Alles in allem, bin ich zufrieden mit der eingekehrten Stille, selbst @ max Speed sehr angenehm, bissl deutlicher höre ich dort den Bodenlüfter und den Frontlüfter (PLPS) und beim B12-2 muss ich ca 150 RPM runter gehen (auf 1000), sonst neigt der zum jaulen, da der Gute nicht dazu konzipiert wurde Luft anzusaugen. Also falls jemand leise Lüfter sucht, so sind die von mir verbauten sehr zu empfehlen, nicht grad die günstigsten, aber Qualität hat halt ihren Preis.
Ich habe jedoch sämtliche Lüfter und den CPU Kühler hier bei uns im Marktplatz gekauft (verhältnismäßig günstig).

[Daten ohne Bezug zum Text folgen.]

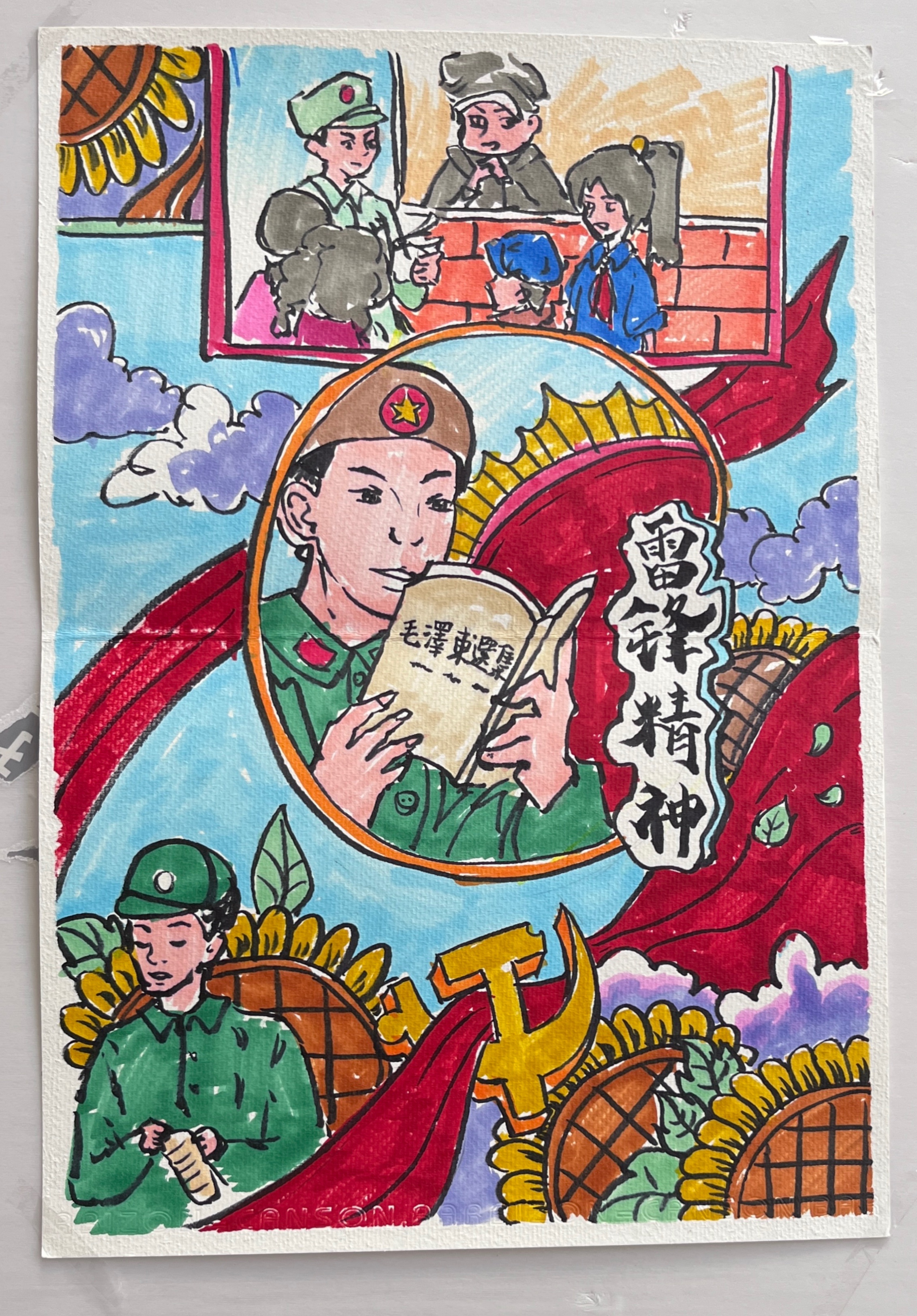 在同学们的精巧构思下,黑板报、海报、手抄报主题突出,内容丰富,布局美观,对雷锋的生平事迹进行了多方位宣传,宣传感人事迹、收录雷锋日记、向雷锋同志学习等。

Gezahlt habe ich 40€ für den Cryorig R1 Universal, 55€ für die sechs 140mm Silent Wings 2 und 20€ für die beiden NB Lüfter, alles inklusive Versand, denke sollte preislich passen und die Teile sind halt alle relativ neu.
CPU Kühler war ein Reviewsample, die NB Lüfter ungeöffnet und neu und die Silentwings wohl sehr kurz im Einsatz gewesen.
Dat wärs dann von meiner Seite aus bzw mit dem Feedback, kann ggf ergänzen, wie sich das Ganze @ max Belastung schlägt.
Aso, mein DVD Laufwerk habe ich übrigens ausgebaut und SSD Käfig auch und SSD + HDD auch verbannt. Die beiden sitzen nun hinterm Mainboard bzw in dem "Kabelmanagement" Bereich.
Wenns so weiter geht habe ich bald nix mehr im Gehäuse  Pausenbrot, ab hinters Gehäuse, Freundin nervt, ab hinters Gehäuse etc 


Liebe Grüße
Duvar


----------



## fushigi01 (6. Januar 2015)

*AW: Mehrere Gehäuselüfter optimal anordnen für beste Temperaturen*

Der perfekte Airflow - Testergebnisse

Hab hier nen Link gefunden zu nem sehr ausführlichen Test, vielleicht kannst da was für dich rauslesen.


----------



## Duvar (6. Januar 2015)

*AW: Mehrere Gehäuselüfter optimal anordnen für beste Temperaturen*

Jo Danke, habe ich schon gelesen gehabt.
Das Problem ist, dass man das nicht 1 zu 1 ummünzen kann, es kommt drauf an welche Lüfter benutzt wurden, welche RPM, welche Hardware, wie hoch übertaktet, wie gutes Kabelmanagement, welches Gehäuse usw usf.
Eine Tendenz kann man aber wohl ableiten.


----------



## CapitanJack (6. Januar 2015)

*AW: Mehrere Gehäuselüfter optimal anordnen für beste Temperaturen*

Servus

Schaut gut aus. Bis auf die Front Lüfter, ist es wie bei mir. Bei meinem Zalman sind vorne die HDD Platten, deshalb kann ich da keine Lüfter reinbauen.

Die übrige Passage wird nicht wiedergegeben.